**Task requirements**
With the pictures omitted, repeat exactly the lines below starting with the line that has "lehce vypasovaný střih" and going on through the line that has "亿美元,但被其 1270 亿美元的现金储备完全覆盖,这意味着该公司实际上没有净债务。".

**Source information**
/---

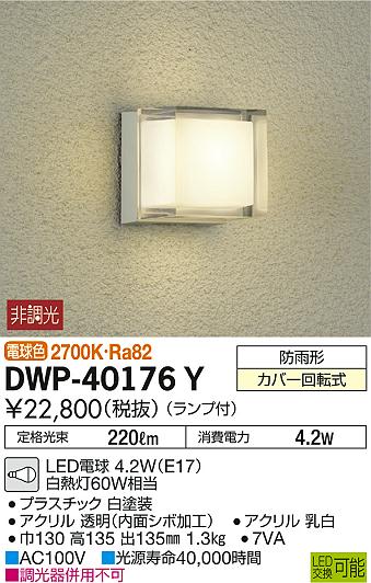 商品名 【要電気工事】【防雨型】 LEDポーチライト (220lm) DWP-40176Y 昼白色
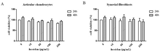 The MTT assay results showed that fucoidan did not significantly affect cell survival at concentrations from 0 to 200 μg/mL in either primary human articular chondrocytes (Figure 1A) or synovial fibroblasts (Figure 1B).
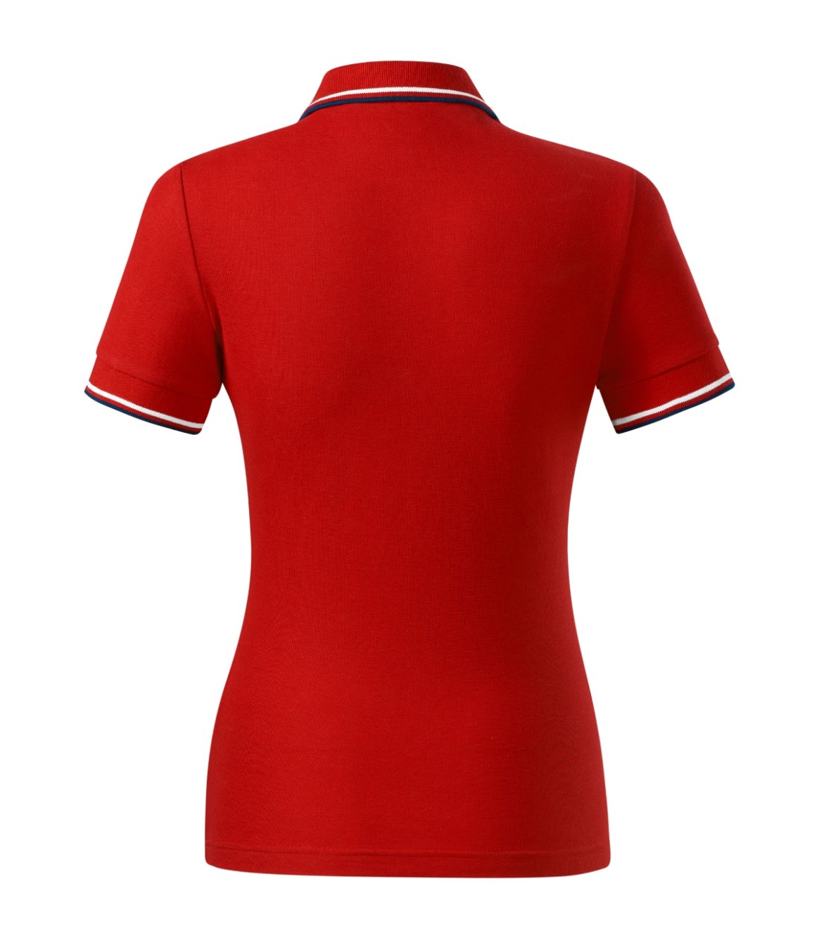 lehce vypasovaný střih s bočními švy, límeček z žebrového úpletu 1:1, 2 kontrastní proužky na rukávu a límečku , úzká léga s 4 knoflíčky v barvě materiálu, spodní knoflíček přišitý kontrastní nití, vnitřní průkrčník začištěn kontrastní páskou, zpevnění ramenních švů páskou, rozparky v bočních švech s kontrastní páskou
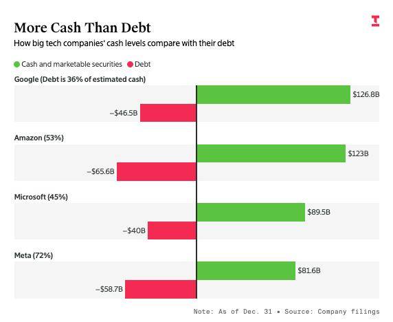 与亚马逊类似,Meta 和谷歌去年都发行了债券以充实现金储备。这三家公司都仍拥有充足的借贷空间。以谷歌为例:标普信用评级机构去年 11 月指出,该公司可将"净债务提升至超过 2000 亿美元"而不会导致其 AA+的优质信用评级被下调。谷歌目前负债 470 亿美元,但被其 1270 亿美元的现金储备完全覆盖,这意味着该公司实际上没有净债务。
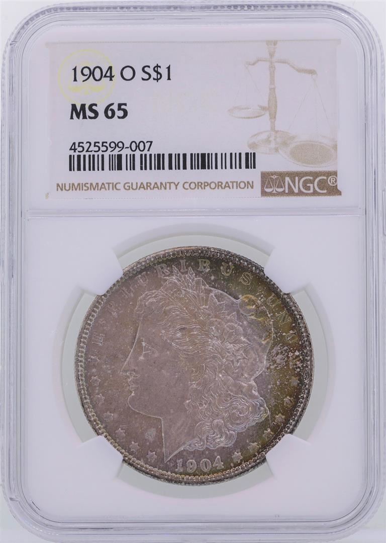 One 1904-O $1 Morgan Silver Dollar Coin NGC MS65 Amazing Toning. NGC Certified.
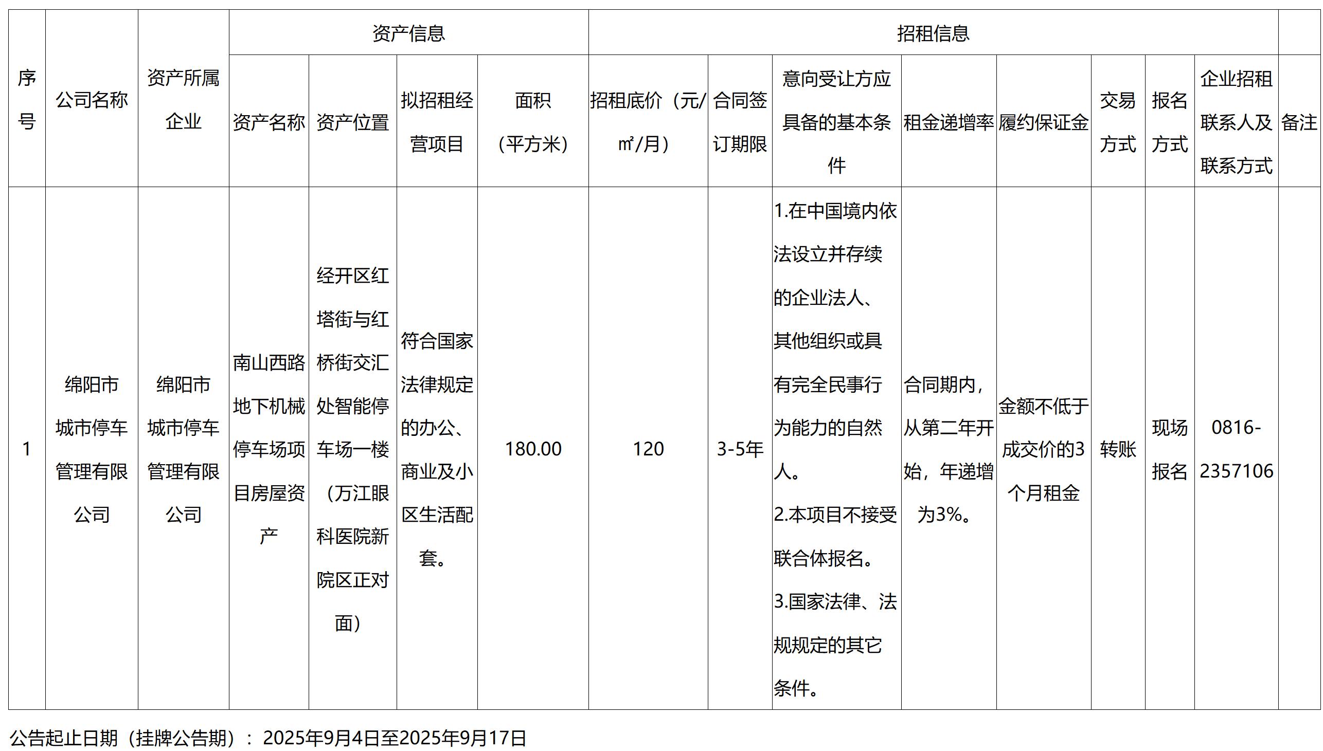 綿陽市城市停車管理有限公司資產(chǎn)出租公告
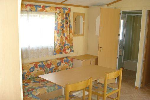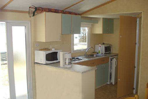 Séjour : Grand salon central avec banquette confort en (L) intégrant un lit convertible de (140x190), une table rectangulaire avec 2 chaises, TV, chauffage gaz, cuisine avec frigo de 200 litres avec freezer micro-onde, plaque 4 feux gaz, cafetière électrique, évier avec (eau chaude / eau froide), vaisselle adaptée au nombre de personnes 1 porte fenêtre entré et 2 fenêtres.

\---

**Finished task**
 lehce vypasovaný střih s bočními švy, límeček z žebrového úpletu 1:1, 2 kontrastní proužky na rukávu a límečku , úzká léga s 4 knoflíčky v barvě materiálu, spodní knoflíček přišitý kontrastní nití, vnitřní průkrčník začištěn kontrastní páskou, zpevnění ramenních švů páskou, rozparky v bočních švech s kontrastní páskou
 与亚马逊类似,Meta 和谷歌去年都发行了债券以充实现金储备。这三家公司都仍拥有充足的借贷空间。以谷歌为例:标普信用评级机构去年 11 月指出,该公司可将"净债务提升至超过 2000 亿美元"而不会导致其 AA+的优质信用评级被下调。谷歌目前负债 470 亿美元,但被其 1270 亿美元的现金储备完全覆盖,这意味着该公司实际上没有净债务。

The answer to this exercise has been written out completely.